Negative stain grids preparation and image

For negative stain grids preparation, 400 mesh carbon coated copper grids were glow discarded. 3 µl assembled CA mutation mixture was loaded onto the grid, incubated for 1 min. The grid was then blotted to dry and incubated with uranyl formate solution for 1 min. The grid was blotted to dry again and loaded to a JEOL 120 keV TEM (Sir William Dunn School of Pathology, University of Oxford) for imaging.
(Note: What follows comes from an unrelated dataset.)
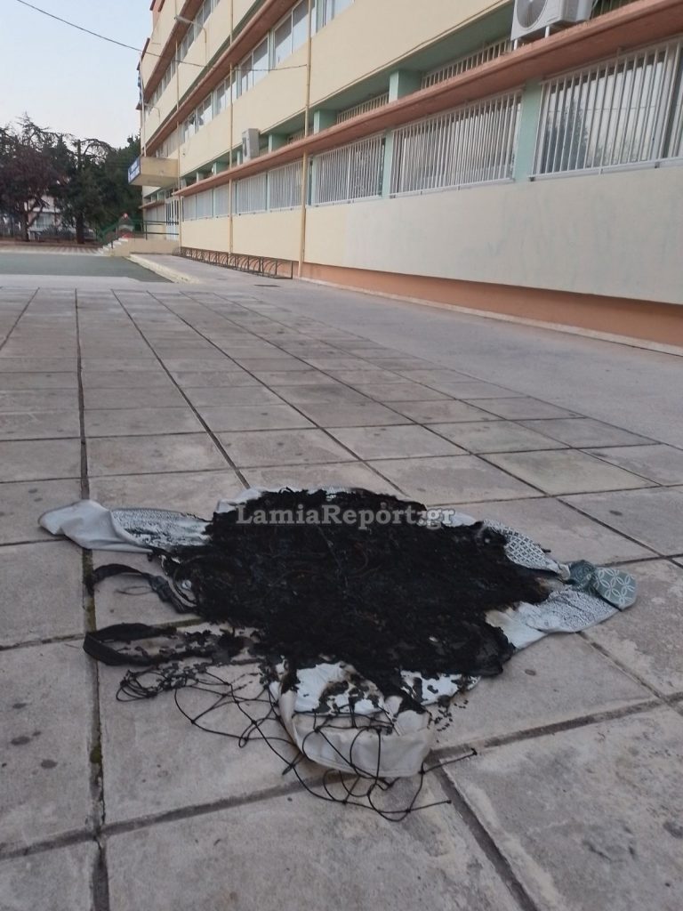 Την «υπογραφή» τους άφησαν άγνωστοι δράστες στο προαύλιο χώρο του 4ου Πειραματικού Γυμνασίου Λαμίας, βάζοντας φωτιά σε φιλέ το οποίο είχαν αφαιρέσει προηγουμένως από το προαύλιο του 4ου Πειραματικού Λυκείου.

Number of assembled tubes and cones was counted from 5 micrographs recorded from each sample and averaged.

CryoET grids preparation

To prepare frozen hydrated grids for tomography analysis using cryo-electron microscopy analysis, vitrification was performed using a Vitrobot (FEI, Thermo Scientifics) operating at 4 °C and 98% relative humidity (RH). 10 μl of concentrated gold fiducial was prepared by removing 90 μl of supernatant after the centrifugation of 100 μl of gold fiducial (Electron Microscopy Sciences, Inc.) at 25,000 × g for 30 min at 4 °C. 3 μl of freshly prepared HIV virions and 6 nm size of gold nanoparticles (Electron Microscopy Sciences, Inc.) was mixed at a ratio of 9:1 (v/v) was applied to lacey carbon film copper 300 mesh, 100 micron grids (Electron Microscopy Sciences, Inc.) which was previously glow discharged at 15 mA for 5 s with a Pelco easiGlow Glow discharge cleaning system (Ted Pella, Inc.). After 5 s, grids were blotted for 2 s and plunged into liquid ethane. Frozen sample grids were preserved under liquid nitrogen temperature for imaging.
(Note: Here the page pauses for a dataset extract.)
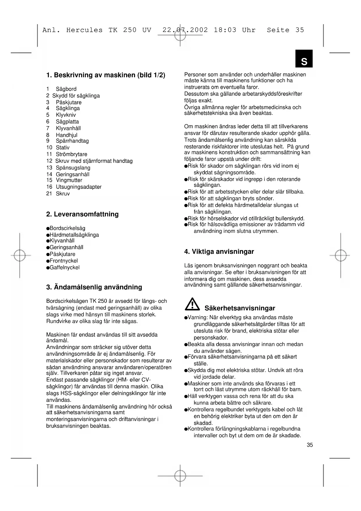 Läs igenom bruksanvisningen noggrant och beakta alla anvisningar. Se efter i bruksanvisningen för att informera dig om maskinen, dess avsedda användning samt gällande säkerhetsanvisningar. Säkerhetsanvisningar Varning: När elverktyg ska användas måste grundläggande säkerhetsåtgärder tilltas för att utesluta risk för brand, elektriska stötar eller personskador. Beakta alla dessa anvisningar innan och medan du använder sågen. Förvara säkerhetsanvisningarna på ett säkert ställe. Skydda dig mot elektriska stötar. Undvik att röra vid jordade delar. Maskiner som inte används ska förvaras i ett torrt och låst utrymme utom räckhåll för barn. Håll verktygen vassa och rena för att du ska kunna arbeta bättre och säkrare. Kontrollera regelbundet verktygets kabel och låt en behörig elektriker byta ut den om den är skadad. Kontrollera förlängningskablarna i regelbundna intervaller och byt ut dem om de är skadade. Anl. Hercules TK 250 UV 22.07.2002 18:03 Uhr Seite 35S

CryoET data collection and subtomogram averaging

For K227A and KAKA/T8I samples, cryo-ET data collection was acquired using a Thermo Fisher Titan Krios microscope operated at 300 keV equipped with a Gatan Quantum post-column energy filter (Gatan Inc) operated in zero-loss mode with 20 eV slit width, and Gatan K3 direct electron detector in eBIC (Electron BioImaging Center, Diamond). Tilt series images were collected with SerialEM⁵⁶ with a nominal magnification of 64k and a physical pixel size of 1.34 Å per pixel. For G225R, KAKA/G225R, KAKA/T8I/G225R and A77V/KAKA/T8I/G225R samples, cryo-ET data collection was acquired using a Thermo Fisher Titan Krios microscope operated at 300 keV equipped with Facon4i detector and Selectrix with 10 eV slit width in eBIC (Electron BioImaging Center, Diamond). All the datasets were acquired using a dose-symmetric tilt-scheme⁵⁷ starting from 0° with a 3° tilt increment by a group of 3 and an angular range of ±60°. The accumulated dose of each tilt series was around 123 e⁻/Å² with a defocus range between −1.5 and −6 µm. In total, 71 tilt series from KAKA sample, 81 tilt series from KAKA/T8I sample, 78 tilt series from G225R sample, 86 tilt series from KAKA/G225R sample, 61 tilt series from KAKA/T8I/G225R and 89 tilt series from A77V/KAKA/T8I/G225R sample were collected. Each projection image was dose-fractioned into ten frames. Details of data collection parameters are listed in Supplementary Table 1.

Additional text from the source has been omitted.